Overall, the assessment of the challenges shows that the challenges identified in the interview study (1) are also known to other practitioners and (2) differ in frequency and criticality. The first aspect underlines the necessity of our research and confirms our experience with the existing poor quality of test case specifications. The latter enables the prioritization of challenges that can be used to determine the order in which they should solved. Above all, quality assurance related problems (M8) are to be mentioned here, as these are increasingly being evaluated more frequently and critically than others. In this respect, the development of reliable metrics and of suitable review processes for automotive test case specifications are emerging as future research directions.

RQ4: Differences of identified challenges between external and internal employees

In order to validate the individual challenges of a category, the survey participants were first asked whether the challenge in question occurred or not, to which they could respond with “does occur” or “does not occur” (cf. Fig. 5). Regarding the answers to these questions, we were able to identify differences between the groups regarding the occurrence of each challenge. Therefore, we used Fisher’s exact test as we described in Section 4.2. We found statistically significant differences between external and internal employees for the following challenges.

There is a significant difference in the occurrence of the challenge C5: No access to relevant documents between external and internal employees. Results show a statistically significant correlation with a medium effect size between external and internal employees concerning missing access to relevant documents, p = 0.022,ϕ = 0.420.

As can be seen in Fig. 25, the frequency to which survey participants of each group rated this challenge as “does occur” and “does not occur.” In relation, external employees answered more often with “does occur” (%fext = 90%, Next = 10) than internal employees (%fint = 44%, Nint = 25). For this reason, it is assumed that the challenge of missing access rights to relevant documents (C5) occurs more often for external employees than for internal employees. This also confirms statements by external employees from the interviews that, for example, parts of the requirement specifications are not provided to which links exist. In contrast, internal employees are sometimes unsure what may or may not be given to external employees.

Fig. 25
figure 25

Frequency of answers for challenge C5: No access to relevant documents

Another significant difference can be observed in relation to challenge C10: Incomplete requirements exist. Results show a statistically significant correlation with a medium effect size between internal and external employees and the occurrence of incomplete requirements in specifications, p = 0.014,ϕ = − 0.499.

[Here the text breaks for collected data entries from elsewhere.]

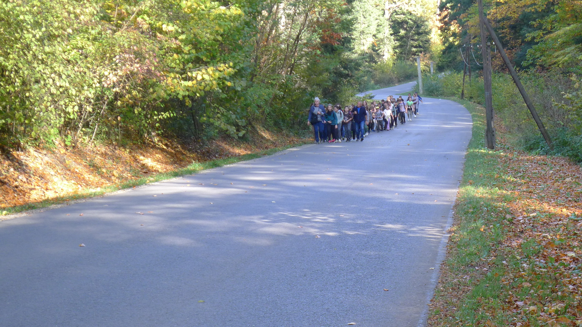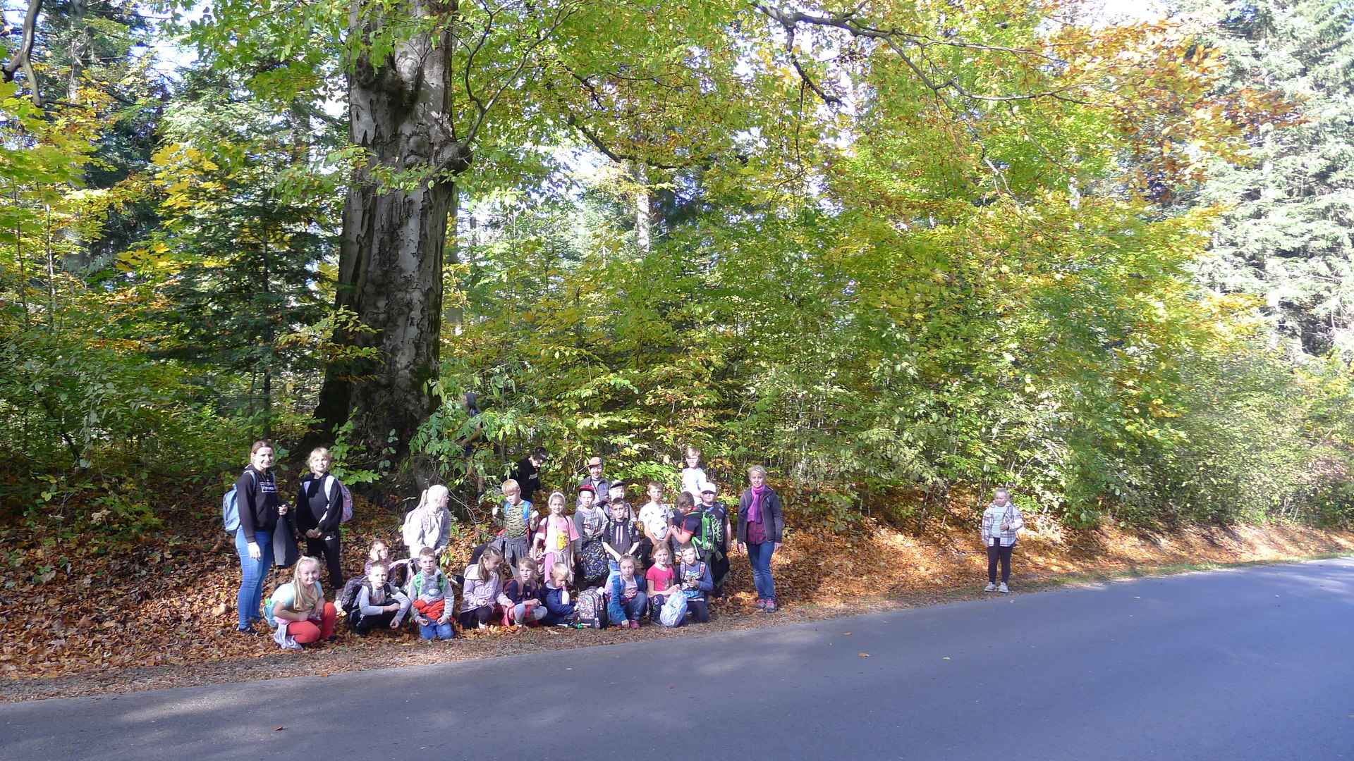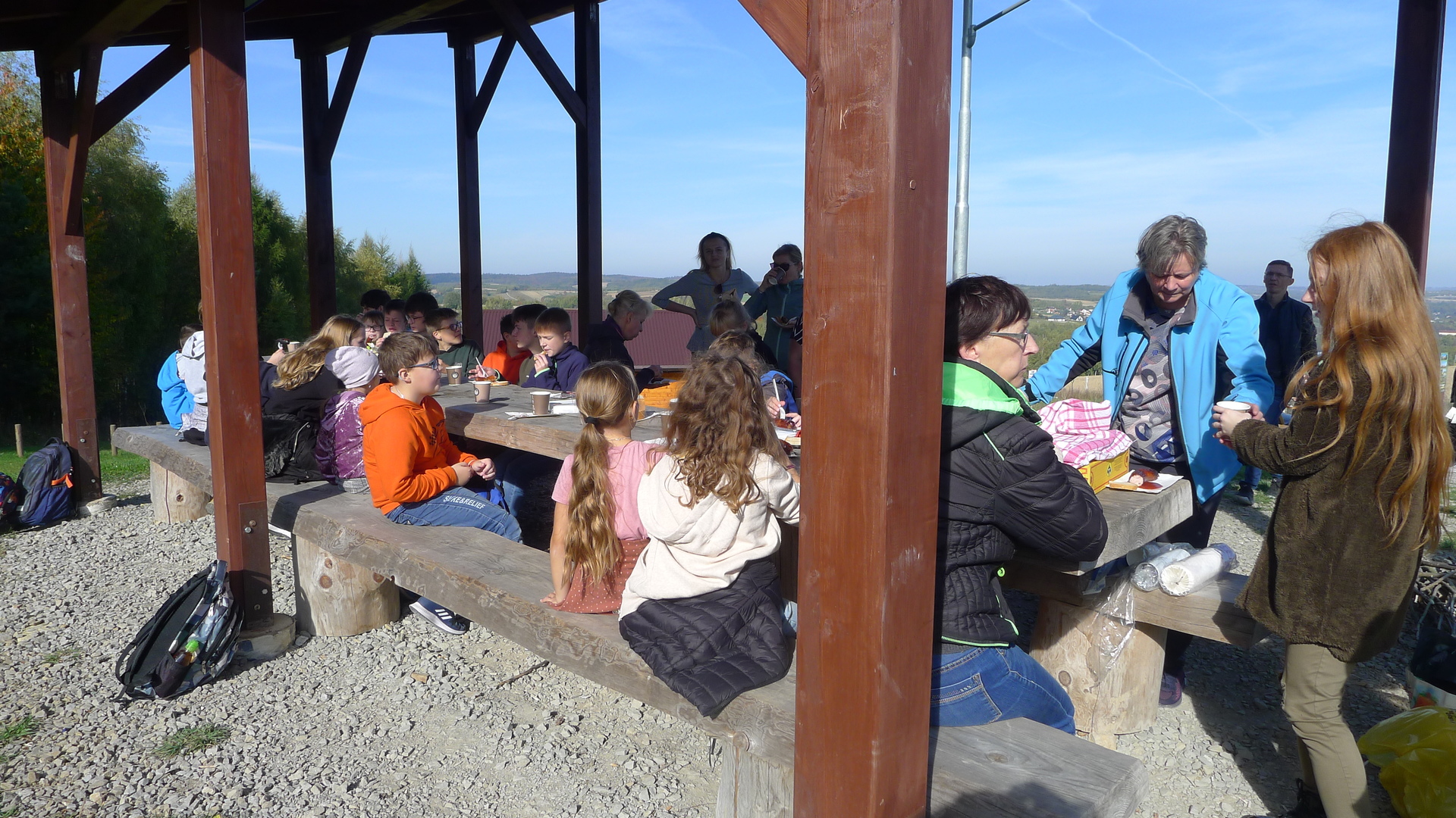 17 października nasi uczniowie wybrali się na wycieczkę pieszą. Celem było zdobycie punktu widokowego w Kąkolówce. Po drodze podziwialiśmy piękne krajobrazy przybrane w jesienne szaty. Był też postój i pamiątkowe zdjęcia pod bukiem Miłoszem, zbieranie liści, szyszek i żołędzi. Po dotarciu do celu uczniowie zajadali się pieczonymi kiełbskami, które przygotowały panie z kuchni. Nikt jednak nie myślał o odpoczynku, wokół było wiele atrakcji: tyrolka, huśtawki, siłownia na świeżym powietrzu, punkt widokowy z lornetką. Nie było czasu i miejsca na nudę. Pogoda również dopisała - było bardzo ciepło i słonecznie.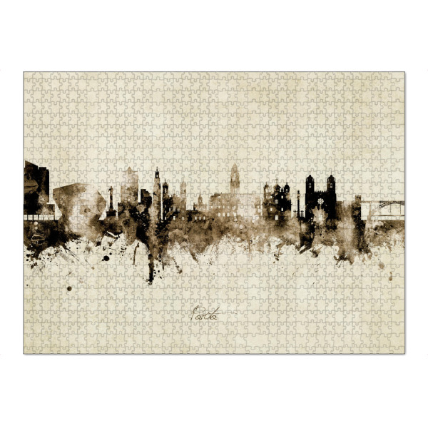 Puzzle Ravensburger "Porto Portugal Skyline Sepia" artboxONE - Städte - Porto,Portugal,Skyline,Cityscape,Stadtbild,Watercolor,Painting - Bild porto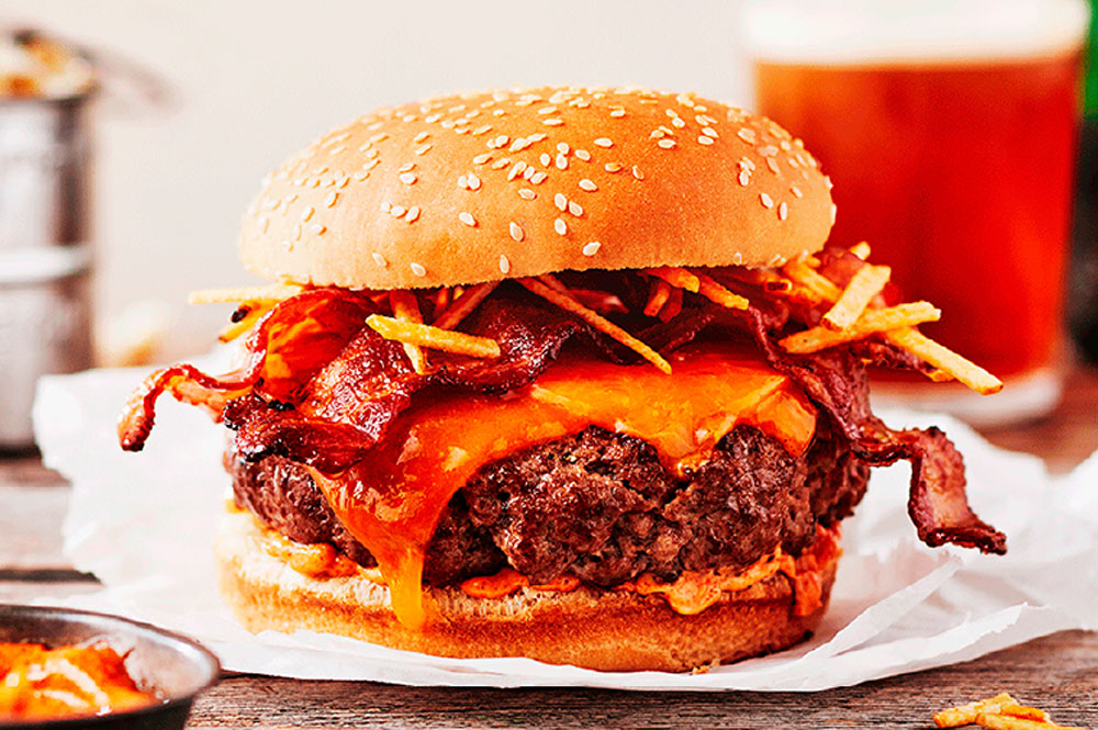(BBQ Burger)A bold BBQ favourite – smoky barbecue sauce, tangy pickles, fresh lettuce, tomato, and smooth American cheese, all stacked for that perfect smoky-sweet balance. Choice of Beef patty or crispy chicken fillet.

Figure 26 shows that internal employees answered more often with “does occur” (%fint = 90.5%, Nint = 21) and external employees more less (%fext = 44.4%, Next = 9). This means that external employees are less likely to be confronted with incomplete requirements than internal employees. Requirement specifications that are given to suppliers for the creation or implementation of test cases, may have a better quality of requirements than internal requirement specifications. On the one hand, this may be due to the fact that internal requirements specifications often contain more innovative topics and thus usually have a lower degree of maturity. On the other hand, requirement specifications, which are part of an contract, may be examined more closely in order to reduce possible misinterpretations on the external side.

Fig. 26
figure 26

Frequency of answers for challenge C10: Incomplete requirements exist

We detected a significant difference concerning challenge C57: Many different model series. Results show a statistically significant correlation with a medium effect size between internal and external employees and the contained number of model series in a test case specification, p = 0.031,ϕ = − 0.403.

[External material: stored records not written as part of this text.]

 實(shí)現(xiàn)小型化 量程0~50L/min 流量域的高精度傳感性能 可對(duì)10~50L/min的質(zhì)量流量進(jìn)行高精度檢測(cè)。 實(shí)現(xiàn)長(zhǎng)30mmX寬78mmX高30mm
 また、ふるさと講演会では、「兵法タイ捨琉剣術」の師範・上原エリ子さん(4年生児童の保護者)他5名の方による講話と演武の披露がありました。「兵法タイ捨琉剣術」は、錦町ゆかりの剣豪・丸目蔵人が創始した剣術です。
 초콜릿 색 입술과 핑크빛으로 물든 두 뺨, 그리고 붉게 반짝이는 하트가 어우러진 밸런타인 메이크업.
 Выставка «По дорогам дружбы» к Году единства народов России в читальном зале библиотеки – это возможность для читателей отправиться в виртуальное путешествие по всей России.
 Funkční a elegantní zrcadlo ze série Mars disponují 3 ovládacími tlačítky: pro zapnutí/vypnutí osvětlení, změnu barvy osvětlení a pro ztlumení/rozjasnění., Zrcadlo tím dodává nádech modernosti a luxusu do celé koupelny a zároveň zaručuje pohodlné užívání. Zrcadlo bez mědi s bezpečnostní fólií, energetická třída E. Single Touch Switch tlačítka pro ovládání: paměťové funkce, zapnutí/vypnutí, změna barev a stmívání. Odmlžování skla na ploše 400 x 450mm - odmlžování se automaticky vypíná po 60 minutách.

As shown in Fig. 27, internal employees answered more often with “does occur” (%fint = 87.5%,Nint = 24) than external employees (%fext = 50%, Next = 10). This means that for internal employees, the challenge of several model series contained in one test case specification occurs more often than for external employees. This phenomenon can be explained by the fact that the creation of test case specifications is usually commissioned based on one model series and thus the complexity has always been reduced for external employees.

Fig. 27
figure 27

Frequency of answers for challenge C57: Many different model series

Furthermore, there is a significant difference in the occurrence of the challenge C63: Unclear interface definition to the overall process. Results show a statistically significant correlation with a medium effect size between internal and external employees and the occurrence of incomplete requirements in requirement specifications, p = 0.029, ϕ = − 0.452.

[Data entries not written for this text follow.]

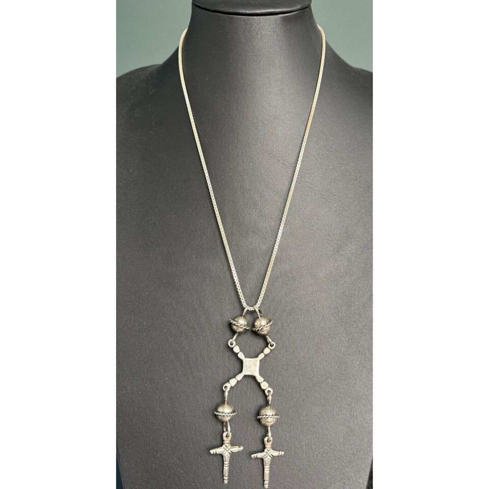 UNIQUE TAXCO 925 STERLING SILVER 2 CROSSES PENDANT NECKLACE SKY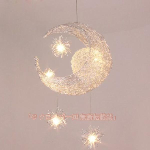 ■LED ペンダントライト 北欧 おしゃれ 三日月 星 月ライト アルミ 籐 編む 和風 天井照明器具 子供部屋 玄関 ダイニング リビング 食卓用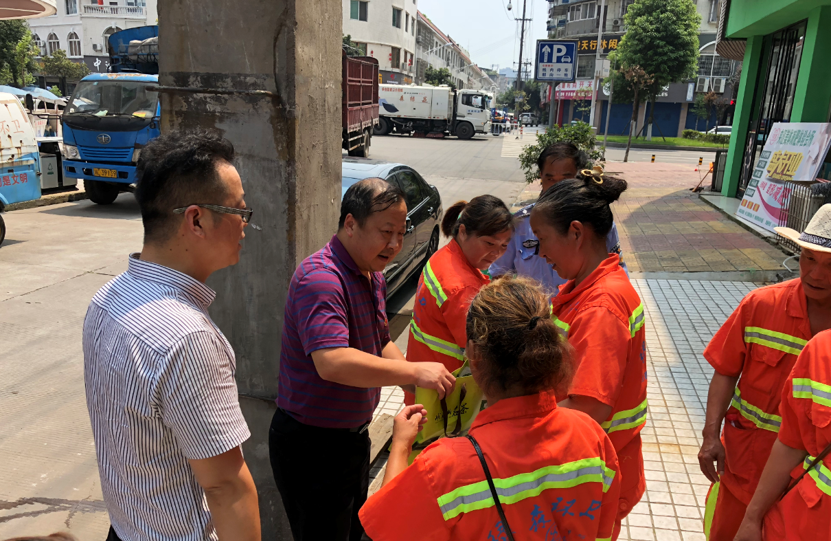 夹江县委常委、县委组织部部长、县总工会主席刘永康参加了“送清凉”活动启动仪式。在绿森环卫公司的启动仪式上,刘永康对高温一线的职工不畏高温、忠于职守、辛勤工作表示感谢,希望他们在坚守岗位的同时注意防暑安全,适当休息、爱护身体,以更好的状态投入到创建国家卫生县城工作中,并强调全县创建国家卫生县城工作进入攻坚期,广大环卫职工任务更加艰巨,责任更加重大,使命尤其光荣。创卫是一场持久战、攻坚战,大家要有信心和毅力,始终坚守岗位,尽心尽力,把本职工作干好,把各自负责的区域卫生维护好,让夹江这个城市更加干净美丽,让我们生活的环境更加美好,共同努力把夹江建设成宜居宜业宜游的人居典范城市。同时要求全县各级各部门、各企事业单位,要切实做好防暑降温工作,改善夏季高温一线作业职工的生产、生活环境,有效预防、控制高温作业引发的中暑和各类事故,保障广大职工的身体健康,及时把党和政府的关怀送给奋战在高温一线的职工,帮助职工度过一个安全、健康、清凉的夏季。启动仪式后,慰问组向绿森环卫公司、岷江环卫公司、双江环卫公司和铭帝铝业送去了矿泉水、藿香正气水、白糖、茶叶等防暑降温物资。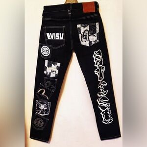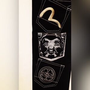 Evisu Black White Graphic Embroidery Multi-Pockets Tapered Denim Jeans NWT w Bag

Similar to Figs. 27 and 28 shows that internal employees answered more often with “does occur” (%fint = 90.9%, Nint = 22) than external employees (%fext = 50%,Next = 8). For internal employees, the process-related challenge that defined interfaces between individual test teams are missing occurs more often than for external employees. This also corresponds to the statements from the interviews. Sometimes test cases are executed redundantly on different test platforms and the different test platforms usually do not know anything about the execution status of the test cases. For example, it is often unnecessary to execute a test case at system level if it has already failed at component level. However, this very often happens in reality because an established approval process is missing or the interfaces to the overall process are unclear.

Fig. 28
figure 28

Frequency of answers for challenge C63: Unclear interface definition to the overall process

The last significant difference we found relates to challenge C87: Non-continuous tool chains. Results show a statistically significant correlation with a medium effect size between internal and external employees and problems related to the usage of heterogeneous tools, p = 0.005,ϕ = − 0.567.

Figure 29 shows that internal employees answered more often with “does occur” (%fint = 91.7%,Nint = 24) than external employees (%fext = 62.5%,Next = 8). For internal employees, the challenge that there is no continuous tool chain occurs more often than for external employees. This phenomenon is not explicitly evident from the interviews. It is possible that the number of heterogeneous tools used by the suppliers surveyed is lower than those used by internal employees. However, it becomes clear from the free text answers that the tool chain used internally has larger deficits. Suppliers are usually only aware of a small proportion of this, which could explain the differences.

Fig. 29
figure 29

Frequency of answers for challenge C87: Non-continuous tool chains

For all other challenges, no significant differences can be determined, which means that the null hypothesis could not be rejected. As a result, the assessment of the occurrence of all other challenges is to be considered equal for both groups and there are no differences between the two groups. In addition, no significant differences between the groups could be identified for the assessment of the criticality of the challenges. Based on the survey results, it can be stated that the differences between internal and external employees regarding the identified challenges can be considered minimal.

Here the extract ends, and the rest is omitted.